Assigned task: Your copy of the data should match it exactly, except that the pictures are gone.

===== Information supplied

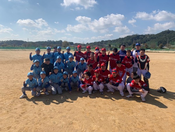 새로 만난 감독, 코치님들과 인사를 나누고 동구리틀야구단 선수 7명~8명이 E.T야구동아리 선수 훈련을 도와주기위해 자발적으로 자원봉사를 신청하여 매 회 훈련을 도와주고 있습니다.
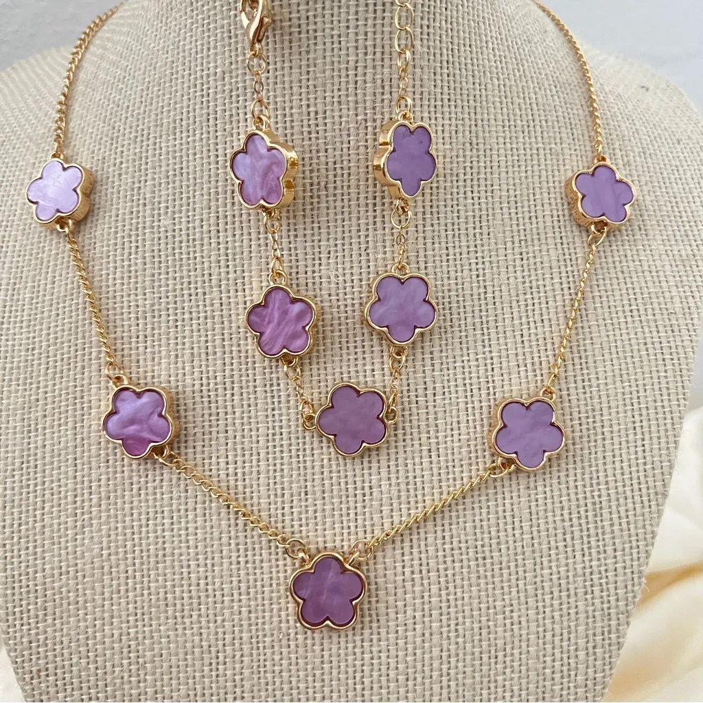 Brand NEW! Elegant gold necklace set featuring charming purple clover flower accents. Perfect for ad... Show more
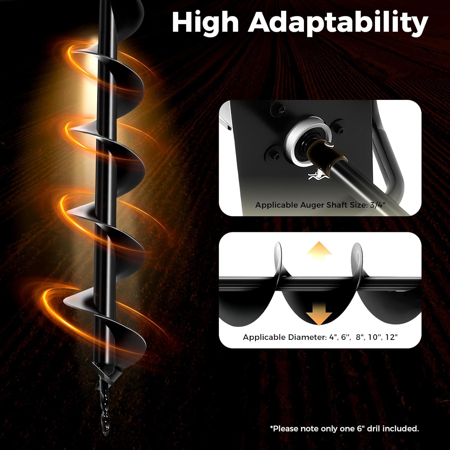 - HIGH ADAPTABILITY: This excavator can be equipped with augers up to 300 mm/11.81 inches in diameter, so you can install different auger sizes to suit your work. The 11.81-inch extension bar included in the package can be used with the auger to allow you to dig deeper, and it's long enough to allow you to save energy without bending over.
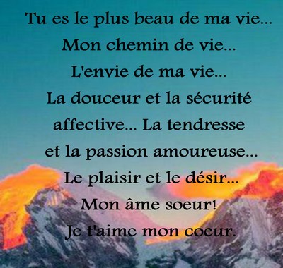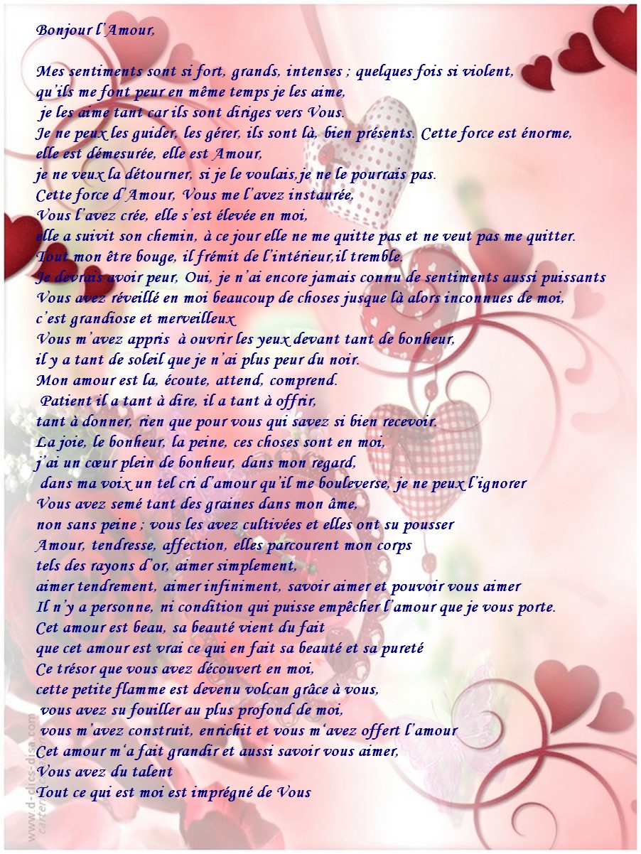 Parole d’amour pour mon chéri Mon amour pour toi, chaque jour, sort de l’ordinaire Tous mes sens, subisse ton charme Tu me rends folle avec ton simple sourire Dans ma vie, tu as fait entrer le Soleil… Parole d’amour je t’aime T’aimer, c’est avoir besoin de toi et supporter tes défauts, parce que d’une certaine manière, tu me complètes. jtm. Parole d’amour je pense à toi Je pense à toi tout le temps, je n’ai même pas besoin de penser à toi pour que tu me viennes à l’esprit, tu es tout le temps avec moi comme un ange, un soleil, une présence, un grand espoir. Je t’aime. Parole d’amour pour un homme Ils peuvent me mettre des chaînes, me brisez les doigts.

==========

Exercise output:
 새로 만난 감독, 코치님들과 인사를 나누고 동구리틀야구단 선수 7명~8명이 E.T야구동아리 선수 훈련을 도와주기위해 자발적으로 자원봉사를 신청하여 매 회 훈련을 도와주고 있습니다.
 Brand NEW! Elegant gold necklace set featuring charming purple clover flower accents. Perfect for ad... Show more
 - HIGH ADAPTABILITY: This excavator can be equipped with augers up to 300 mm/11.81 inches in diameter, so you can install different auger sizes to suit your work. The 11.81-inch extension bar included in the package can be used with the auger to allow you to dig deeper, and it's long enough to allow you to save energy without bending over.
 Parole d’amour pour mon chéri Mon amour pour toi, chaque jour, sort de l’ordinaire Tous mes sens, subisse ton charme Tu me rends folle avec ton simple sourire Dans ma vie, tu as fait entrer le Soleil… Parole d’amour je t’aime T’aimer, c’est avoir besoin de toi et supporter tes défauts, parce que d’une certaine manière, tu me complètes. jtm. Parole d’amour je pense à toi Je pense à toi tout le temps, je n’ai même pas besoin de penser à toi pour que tu me viennes à l’esprit, tu es tout le temps avec moi comme un ange, un soleil, une présence, un grand espoir. Je t’aime. Parole d’amour pour un homme Ils peuvent me mettre des chaînes, me brisez les doigts.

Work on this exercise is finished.